Speaking to Network18 Editor in Chief Rahul Joshi in an exclusive interview a day after his stint as the founding president of NDB got over, Kamath said the landing because of the Covid-19 crisis will not be as hard as was being anticipated, offering a contrarian view to the numbers predicted by the likes of IMF and S&P.
“I feel the landing will not be so hard. Rebound is faster than what most of us thought would be. The economy may see a shallow U-shaped recovery,” he said.
While the International Monetary Fund (IMF) has forecast that India’s economy will contract 4.5 percent in FY21, S&P Global Ratings has predicted it to contract by 5 per cent.
But Kamath, who was the CEO of ICICI Bank for 13 years and the chairman of Infosys for nearly four years, opined that these numbers need to be seen with a caveat, as they are based on mathematical models and it is very difficult to predict what happens next in a global pandemic scenario.
Offering a more optimistic take on India’s economic recovery, he said that he thinks it will be U-shaped but with a very shallow and short base. “My initial thoughts were this would be a U-shaped with a very long base,” he said,
adding that he now thinks things will come around much quicker.

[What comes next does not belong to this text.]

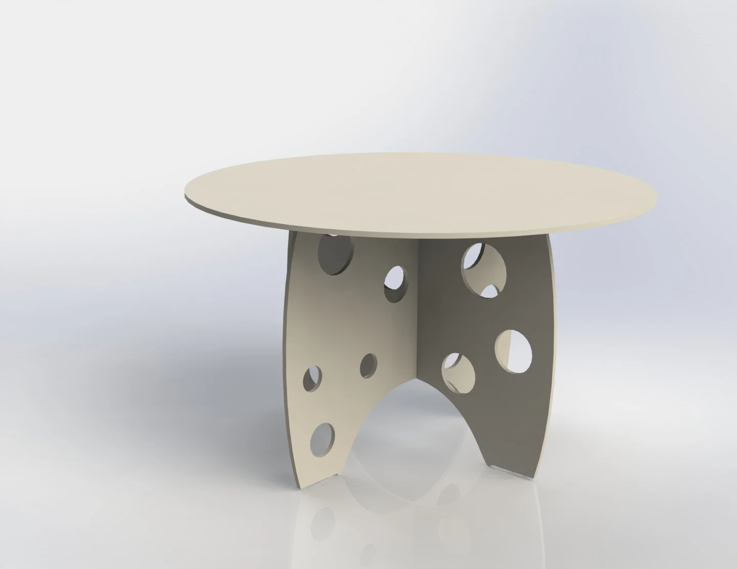 This innovative side table design features a distinctive Swiss cheese aesthetic with randomly placed circular holes throughout the base structure. The table consists of a smooth circular top surface supported by two interlocking curved panels that form a stable X-shaped base. The support panels showcase an organic pattern of various-sized circular cutouts, ranging from small decorative holes to larger openings that create visual interest and reduce material weight. The design maintains perfect symmetry while offering a playful, modern interpretation of traditional furniture construction. The clean lines and geometric approach make this piece suitable for contemporary interiors, while the unique hole pattern adds character and functionality through weight reduction and material efficiency.

“Maybe next month, I would be pleasantly surprised and it is a V-shaped recovery,” he told Network18, but added that hard date from more industries is needed to take a better call.
Kamath said his confidence of a faster rebound was based on a different set of numbers – high frequency data – that present a different picture about the state of the economy.
Giving a sector-wise overview, he said that he was most positive about the farm sector, which he said is already showing signs of a quick turnaround as rural India has been much less affected by the pandemic.
Large industries, too, he said may come back very rapidly as top Indian companies have never been as deleveraged as they are today.
Leader after leader talking about manufacturing getting back to 80-90 % capacity. Several indicators are showing rebound is faster. Electricity consumption, for example, is getting back up to normal levels. Two-wheelers sales and tractor sales are soaring,” he said.
The veteran banker, however, said that construction, real estate, infrastructure and financial services will face a degree of pain because of the pandemic and will need a holding hand from the government to get back on the growth track.